• [DATA EXCERPT]:
○ ○ ○ ○ ○ ○ ○

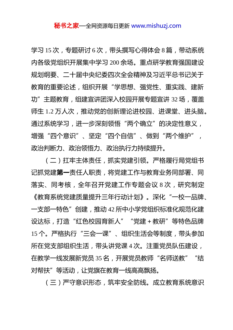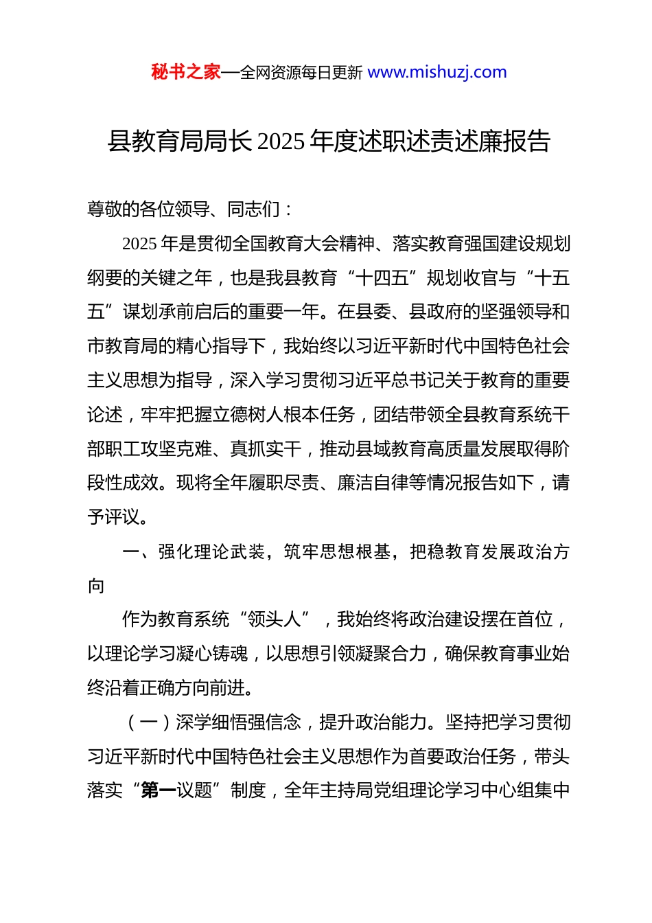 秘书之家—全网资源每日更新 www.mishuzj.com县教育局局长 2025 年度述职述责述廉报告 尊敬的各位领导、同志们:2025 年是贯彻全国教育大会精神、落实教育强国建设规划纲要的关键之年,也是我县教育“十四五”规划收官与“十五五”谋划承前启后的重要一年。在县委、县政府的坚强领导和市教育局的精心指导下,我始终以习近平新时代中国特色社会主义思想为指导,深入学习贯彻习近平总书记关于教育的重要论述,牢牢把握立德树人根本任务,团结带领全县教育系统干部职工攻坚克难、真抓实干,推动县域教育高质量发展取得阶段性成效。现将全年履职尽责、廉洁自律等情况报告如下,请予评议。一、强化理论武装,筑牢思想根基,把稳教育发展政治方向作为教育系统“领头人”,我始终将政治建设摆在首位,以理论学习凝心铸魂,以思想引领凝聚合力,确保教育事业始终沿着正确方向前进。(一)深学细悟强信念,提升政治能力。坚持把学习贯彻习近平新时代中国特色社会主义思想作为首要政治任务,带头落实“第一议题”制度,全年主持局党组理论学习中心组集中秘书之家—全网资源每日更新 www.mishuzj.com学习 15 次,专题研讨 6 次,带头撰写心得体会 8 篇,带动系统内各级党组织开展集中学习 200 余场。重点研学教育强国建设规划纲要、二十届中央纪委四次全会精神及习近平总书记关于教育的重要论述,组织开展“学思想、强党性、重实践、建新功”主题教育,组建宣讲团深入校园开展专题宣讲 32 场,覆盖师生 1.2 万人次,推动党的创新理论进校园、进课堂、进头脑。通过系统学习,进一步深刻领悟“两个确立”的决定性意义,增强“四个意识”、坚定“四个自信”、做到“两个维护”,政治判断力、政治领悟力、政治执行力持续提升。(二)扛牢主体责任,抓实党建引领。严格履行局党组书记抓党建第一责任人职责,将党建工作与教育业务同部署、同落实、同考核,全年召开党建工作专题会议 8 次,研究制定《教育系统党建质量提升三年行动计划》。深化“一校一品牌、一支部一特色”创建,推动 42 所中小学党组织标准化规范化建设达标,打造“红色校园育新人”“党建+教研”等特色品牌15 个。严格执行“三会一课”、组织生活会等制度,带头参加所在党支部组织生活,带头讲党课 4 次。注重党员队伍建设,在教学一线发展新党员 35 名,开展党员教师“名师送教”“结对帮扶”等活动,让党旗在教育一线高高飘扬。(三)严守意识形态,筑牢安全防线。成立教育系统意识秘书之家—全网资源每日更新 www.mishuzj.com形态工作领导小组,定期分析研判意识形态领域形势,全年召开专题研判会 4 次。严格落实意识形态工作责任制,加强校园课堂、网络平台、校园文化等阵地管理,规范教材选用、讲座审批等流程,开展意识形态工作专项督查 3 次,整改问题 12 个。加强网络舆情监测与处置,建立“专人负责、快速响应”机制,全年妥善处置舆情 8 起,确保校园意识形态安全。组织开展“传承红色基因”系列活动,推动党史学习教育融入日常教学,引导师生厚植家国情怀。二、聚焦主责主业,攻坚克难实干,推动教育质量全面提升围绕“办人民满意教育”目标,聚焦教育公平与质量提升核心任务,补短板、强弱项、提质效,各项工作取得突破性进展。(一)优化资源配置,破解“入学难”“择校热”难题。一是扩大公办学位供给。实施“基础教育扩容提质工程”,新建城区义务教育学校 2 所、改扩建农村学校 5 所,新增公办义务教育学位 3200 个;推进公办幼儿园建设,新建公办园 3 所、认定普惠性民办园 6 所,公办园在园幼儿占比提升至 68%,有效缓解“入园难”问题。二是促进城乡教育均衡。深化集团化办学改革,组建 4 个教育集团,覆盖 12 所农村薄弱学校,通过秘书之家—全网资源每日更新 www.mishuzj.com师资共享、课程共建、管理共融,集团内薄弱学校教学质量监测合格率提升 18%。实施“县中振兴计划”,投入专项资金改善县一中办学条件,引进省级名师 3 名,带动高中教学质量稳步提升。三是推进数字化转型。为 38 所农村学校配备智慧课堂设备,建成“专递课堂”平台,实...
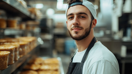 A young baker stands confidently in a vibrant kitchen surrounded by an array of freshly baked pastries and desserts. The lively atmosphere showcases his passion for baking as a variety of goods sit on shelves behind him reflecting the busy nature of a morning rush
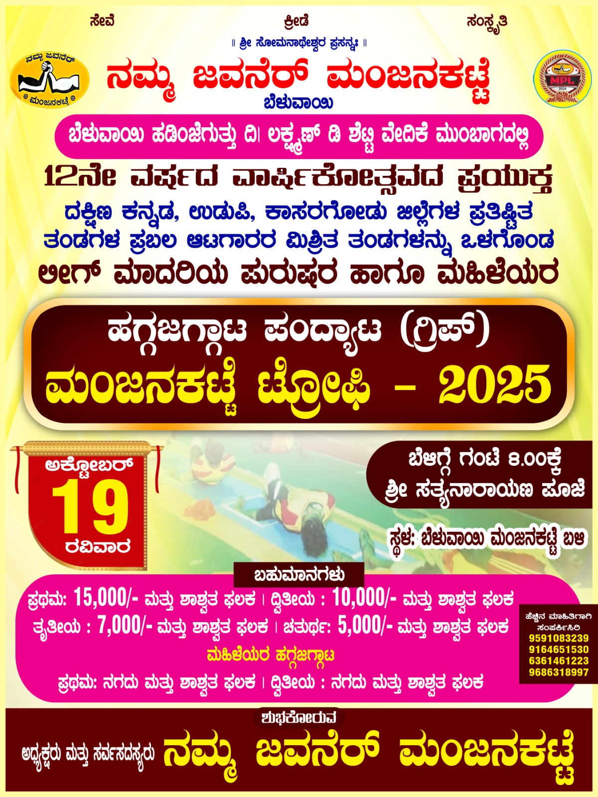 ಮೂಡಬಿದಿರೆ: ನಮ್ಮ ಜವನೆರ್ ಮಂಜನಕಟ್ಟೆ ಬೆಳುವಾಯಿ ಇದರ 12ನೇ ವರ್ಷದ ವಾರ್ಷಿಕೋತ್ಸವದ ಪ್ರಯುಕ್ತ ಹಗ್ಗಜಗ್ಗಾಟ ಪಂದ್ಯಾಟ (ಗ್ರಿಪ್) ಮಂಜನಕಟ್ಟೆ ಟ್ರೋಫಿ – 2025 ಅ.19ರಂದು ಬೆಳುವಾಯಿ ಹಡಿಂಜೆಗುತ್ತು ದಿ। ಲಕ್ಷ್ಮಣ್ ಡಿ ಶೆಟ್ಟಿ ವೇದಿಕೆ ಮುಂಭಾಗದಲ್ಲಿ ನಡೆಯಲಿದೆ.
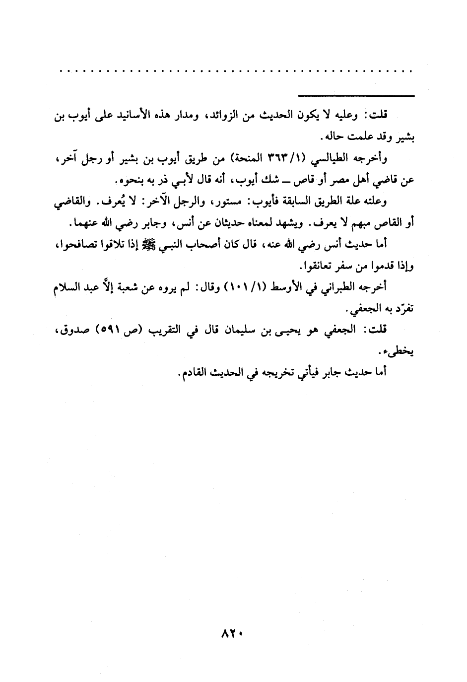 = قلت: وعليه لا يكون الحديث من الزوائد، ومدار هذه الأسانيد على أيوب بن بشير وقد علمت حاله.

○ ○ ○ ○ ○ ○ ○

• [WHAT IS BEING ASKED]:
Only the lines from the one holding "ಮೂಡಬಿದಿರೆ: ನಮ್ಮ ಜವನೆರ್" through the end of the data are to be printed, exactly as they stand and with no pictures.

• [THE COMPLETED TASK]:
 ಮೂಡಬಿದಿರೆ: ನಮ್ಮ ಜವನೆರ್ ಮಂಜನಕಟ್ಟೆ ಬೆಳುವಾಯಿ ಇದರ 12ನೇ ವರ್ಷದ ವಾರ್ಷಿಕೋತ್ಸವದ ಪ್ರಯುಕ್ತ ಹಗ್ಗಜಗ್ಗಾಟ ಪಂದ್ಯಾಟ (ಗ್ರಿಪ್) ಮಂಜನಕಟ್ಟೆ ಟ್ರೋಫಿ – 2025 ಅ.19ರಂದು ಬೆಳುವಾಯಿ ಹಡಿಂಜೆಗುತ್ತು ದಿ। ಲಕ್ಷ್ಮಣ್ ಡಿ ಶೆಟ್ಟಿ ವೇದಿಕೆ ಮುಂಭಾಗದಲ್ಲಿ ನಡೆಯಲಿದೆ.
 = قلت: وعليه لا يكون الحديث من الزوائد، ومدار هذه الأسانيد على أيوب بن بشير وقد علمت حاله.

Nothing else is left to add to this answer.